From the example, we can see that AST can be treated like ordinary data structure in a host language. With that we can apply functional programming techniques such as map() to these data structures and not even think of them as programs.

Meta-Language Extension

An AST metalanguage is designed based on the AST structure instead of syntax. Because of that it is also much easier to extend an AST metalanguage than a DSL.

By defining the AST structure as abstract interfaces, it is possible to define custom implementation of an AST node and remain interoperable with each others. Using object-oriented programming, we can also easily define new subclasses that extend the feature of an AST node implementation.

Quiver uses this technique to create new handler component types such as simple handler. And because they are all just subclasses, that means anyone can define new handler component types and effectively “extending” the Quiver metalanguage.

Function Generation

At the simplest level, an AST node generates new functions by composing the functions generated by its subnodes. The generated functions would have specific signature that can easily be further composed.

This is a simpler version of AST metaprogramming because the program generated by AST can simply be functions implemented in the host language. But AST metaprogramming don’t necessarily need to generate programs running on the host language.

Code Generation

At more advanced levels, we could also use AST metaprograming to design AST that generates code directly. The generated code can be in any target language, including C, JVM byte code, LLVM, or assembly language. The generated code can then be fed into respective compilers to generate the final program binary.

It is at this level that AST metaprogramming shows its similarity with AST of programming languages in typical compilers. The main difference between AST metaprogramming and typical compilers is that AST metaprogramming skips the syntax and parsing of a source language and goes directly to constructing the source AST in a host language.

Put it in other words - A compiler runs on a host language, accepts code written in a source language, parse it into AST of a host language, and generate code written in a target language; AST metaprogramming runs on a host language, programmatically constructs AST of a source metalanguage, executes the AST methods to generate code written in a target language.
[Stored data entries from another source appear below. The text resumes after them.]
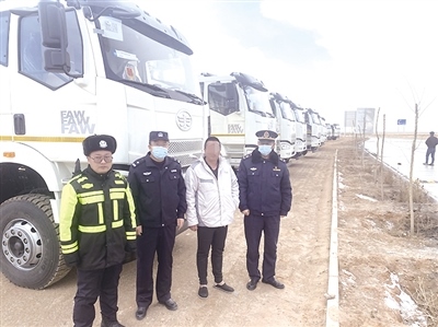 12月14日,阿拉善右旗公安局查干通格公安檢查站民警在戈壁路上,查處偽造超限運(yùn)輸車輛通行證的重型貨車17臺(tái)。
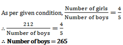 Home » quantitative aptitude » The ratio of numbers of girls and boys participating in sports of a school is 4:5. If the number of girls is 212, determine the number of boys participating in the sports.
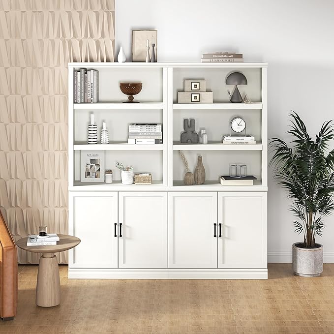 - Versatile Home Design: This attractive and practical bookcase with doors features three open upper shelves with two adjustable boards, making it easy to display decorative items, books, figurines, etc., keeping your favorite things in plain sight. The bottom cabinet with double doors includes one adjustable shelf, allowing you to divide the storage space as needed, hide infrequently used items, prevent dust, and keep your home tidy.
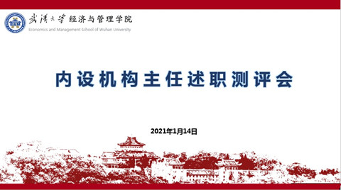 为全面总结学院一年来的工作,营造实干创新的良好氛围,促进学院事业快速发展,2021年1月14日,学院内设机构主任、教职工党支部书记2020年述职测评会在学院教工之家举行。院党委书记杜晓成、院长宋敏,副书记邬明建、李好,纪委书记王滨,副院长方德斌、余振、沈作霖参加了测评会。年终述职会分上午内设机构主任述职测评和下午教职工党支部书记述职测评两个阶段,分别由沈作霖、邬明建主持,会后宋敏和杜晓成分别就两场述职进行了总结发言。
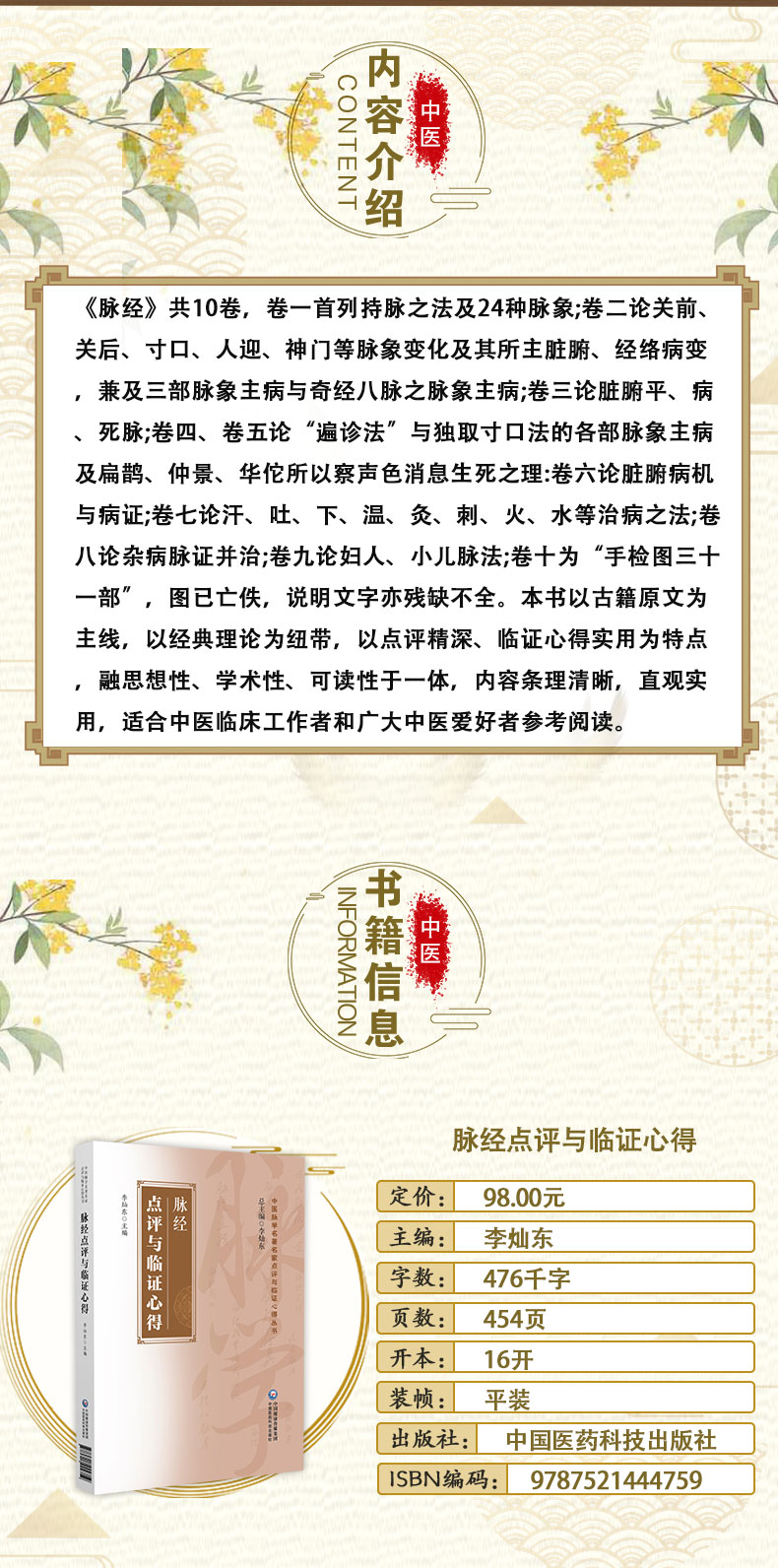 脉经点评与临证心得 中医脉学名著名家点评与临证心得丛书 李灿东 适合中医临床工作者和广大中医爱好者参考 中国医药科技出版社

The main advantage of the AST metaprogramming is that it loosely defines a AST metalanguage that can be easily extensible and manipulated. By retaining the AST structure, an AST metalanguage can be as expressive and powerful as any real programming language. By eliminating the syntactic barrier, an AST metalanguage is much easier to be extended and be manipulated by doing metaprogramming on the host language.

Static Typed AST Meta-Language in JavaScript

By applying compiler design knowledge to AST metaprogramming, we can indeed implement a static typed AST metalanguage in JavaScript that is capable of generating machine code.
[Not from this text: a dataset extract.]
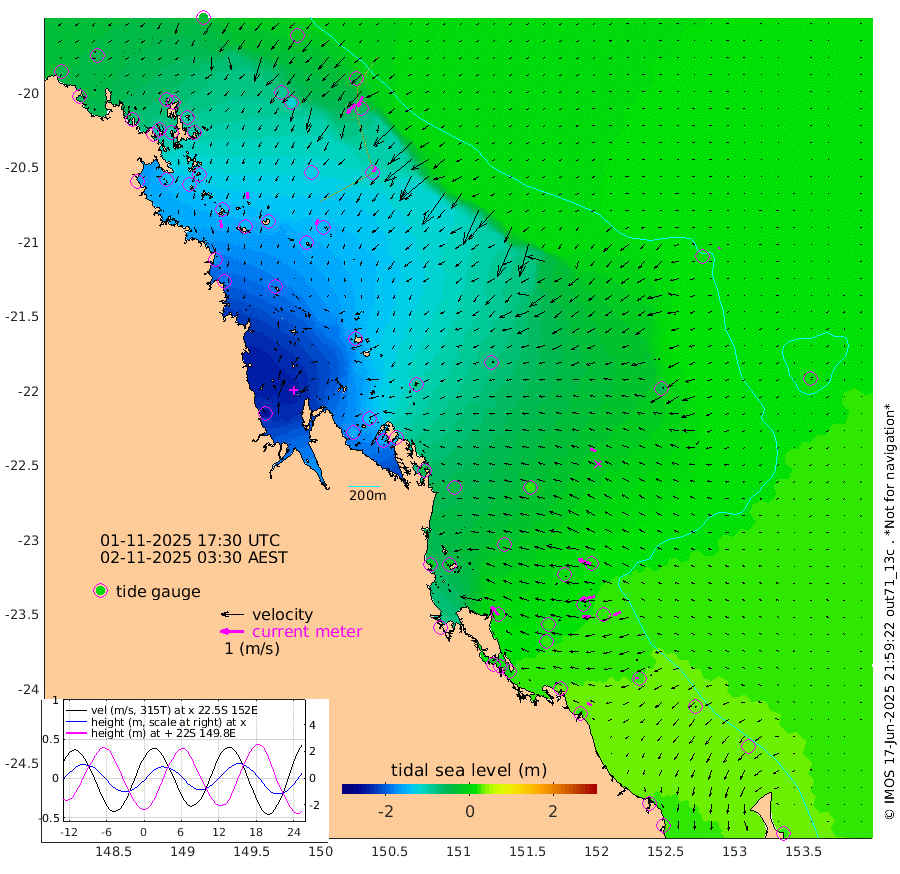 33cm/s 171T +10cm/s rms + 2cm/s 5T. Brampton I 18m 31cm/s 177T +9cm/s rms + 6cm/s 66T. Wigton I 38m 25cm/s -150T +7cm/s rms + 8cm/s 141T. Tern I 47m 48cm/s -155T +7cm/s rms + 12cm/s 54T. N Bugatti Rf 64m 52cm/s -141T +3cm/s rms + 13cm/s 178T. W Bugatti Rf 70m 24cm/s -148T +3cm/s rms + 3cm/s -130T. Creal Rf 69m 58cm/s -73T +7cm/s rms + 4cm/s 2T. North Rf 62m 47cm/s -39T +9cm/s rms + 2cm/s -56T. Cape Capricorn 26m 16cm/s -89T +5cm/s rms + 3cm/s 166T. L Musgrave I 42m 21cm/s -72T +9cm/s rms + 1cm/s -142T. Round Hill Hd 26m 6cm/s -119T +41cm/s rms + 48cm/s 116T. GBRELR 305m 27cm/s -69T +7cm/s rms + 6cm/s 123T. GBRCCH 92m 64cm/s -100T +8cm/s rms + 3cm/s -33T. GBRHIN 45m 38cm/s -92T +4cm/s rms + 2cm/s 41T. GBRHIS 46m 34cm/s -115T +16cm/s rms + 4cm/s -22T. GBROTE 59m -69cm Bell Cay -52cm Holbourne I -141cm Tern I -63cm Bugatti Rf -99cm Creal Rf -38cm White Tip I 12cm North Rf 14cm Rundle I 26cm L Musgrave I 9cm Saumarez Reef -30cm Kennedy Reef -16cm Unnamed Reef No. 2 -48cm Abbot Point -59cm Bowen -86cm Tideway Reef -67cm Hayman Island -122cm Square Reef -67cm Double Bay -103cm Molle Island -99cm Cid Harbour -77cm Hook Island -95cm Border Island -102cm Haslewood Island -99cm Shute Harbour -132cm Thomas Island -125cm Credlin Reef -137cm East Repulse Island -139cm Blacksmith Island -160cm Laguna Quays -137cm Carlisle Island (Off) -149cm St. Bees Island -140cm Scawfell Island -147cm Penrith Island -174cm Mackay Outer Harbour -182cm Hay Point -182cm Prudhoe Island -143cm Middle Island (Percy Isles) -54cm Gannet Cay 13cm Elusive Reef -252cm Mcewin Islet -133cm Mumford Island -153cm Osborn Island -156cm Marquis Island -134cm Reef Point -92cm High Peak Island -53cm Port Clinton -40cm Peaked Island 22cm Karamea Bank -11cm Johnson Patch - NW -14cm Rosslyn Bay -11cm Middle Island (Keppel Isles) -27cm Port Alma 19cm Heron Island 25cm One Tree Islet 20cm Polmaise Reef 7cm Tryon Island 27cm Rock Cod Shoal 6cm Gatcombe Head -3cm Gladstone 8cm South Trees (Storm Surge) 33cm Clews Point 27cm Round Hill Head 29cm Lady Elliot Island 33cm Breaksea Spit 31cm Bundaberg (Burnett Heads) 32cm Elliot Heads 22cm Waddy Point (Fraser Island)

There are many advantages of writing in a static typed metalanguage on JavaScript over coding in a static typed language directly, which we will explore slowly. But the first reason is the same as using AST metaprogramming in other use cases - it allows us to manipulate the AST in JavaScript before generating the program.

function codeGenerator(env) => bytecode

class Expr {
  toCodeGenerator() => codeGenerator
}

class IfExpr extends Expr {
  constructor(conditionExpr, thenExpr, elseExpr)
}

A very rough concept of the classes in this AST metalanguage would be something like above. It would have an expression base class that generates function that generates LLVM byte code base on given environment information such as base memory address.

A traditional if expression could then be implemented by defining an IfExpr class with constructor taking three expression AST. The IfExpr code generator would then simply wire up the code generated by its branch expressions and return the combined byte code.

With AST metaprogramming, our static metalanguage becomes extensible and we can easily define new expression types beyond just classical expressions in typical programming languages.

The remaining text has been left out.